Genetic Counselling Referral Rates and Uptake of BRCA1 and BRCA2 Testing among Women Diagnosed with Serous Ovarian Cancer in a Tertiary Care Cancer CentreBell K1,2*, Scott M3, Pond G4, Piccinin C2, Amer M2, Elit L1,2,5 and Bordeleau L1,2
- *Corresponding Author:
- Kathleen Bell
Department of Oncology
McMaster University, Hamilton, Ontario, Canada
E-mail: [email protected]
Received date: June 15, 2013; Accepted date:July 02, 2013; Published date: July 04, 2013
Citation: Bell K, Scott M, Pond G, Piccinin C, Amer M, et al. (2013) Genetic Counselling Referral Rates and Uptake of BRCA1 and BRCA2 Testing among Women Diagnosed with Serous Ovarian Cancer in a Tertiary Care Cancer Centre. J Genet Syndr Gene Ther 4:156. doi:10.4172/2157-7412.1000156
Copyright: © 2013 Bell K, et al. This is an open-access article distributed under the terms of the Creative Commons Attribution License, which permits unrestricted use, distribution, and reproduction in any medium, provided the original author and source are credited.

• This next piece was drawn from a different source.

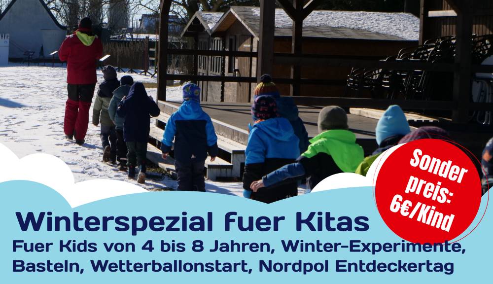 Winterprojekttage für Kitas im Wettermuseum: Kleine Winterwetterfans aufgepasst: Im Winter ☃️ bieten wir wieder frostige Projekttage rund um das faszinierende Winterwetter ❄️ an: Im Advent können bei uns kleine Geschenke gebastelt werden. Dazu bieten wir spannende Experimente über Schnee und Eis 🧊 und wie letztes Jahr den Nordpolentdeckertag 🌐 mit Eisbär Pascal 🐻❄️. Also, Mütze und Schal einpacken und ab ins Wettermuseum!

Rationale: In Ontario, all women diagnosed with serous ovarian, fallopian tube or primary peritoneal cancers are universally eligible for BRCA genetic testing (GT). We aim to document referral patterns and factors predictive of referral at the Juravinski Cancer Centre (JCC), Hamilton, ON.
Methods: Retrospective chart review of all patients with a diagnosis of serous ovarian, fallopian tube and
primary peritoneal cancers seen at the JCC from January 2009 to December 2011 was completed. The percentage of these patients referred to the JCC genetics clinic was calculated. Potential factors prognostic for referral (age and stage at diagnosis, grade, existence of biological children, family history, provider, discussion of genetics referral) were analyzed by logistic regression.
Results: 226 eligible patients were identified; 73 (32%) were referred and 61 (84%) consented to testing. 11 (18%) were found to carry a BRCA1 or BRCA2 mutation. In univariable models, stage (p=0.013), genetics discussion within the first three visits (p<0.001), and family history of breast and/or ovarian cancer (p=0.002) were significant predictors of referral. Stage (p=0.017) and early discussion (<0.001) remained significant in multivariable model.
Conclusions: The referral rate of women with serous ovarian, fallopian tube and primary peritoneal cancers to our genetics program is currently suboptimal. Stage at diagnosis and early discussion of GT were significant prognostic factors for referral. This information will be used to explore alternative delivery models of BRCA testing services to optimize uptake of GT within this eligible population, and ultimately improve care.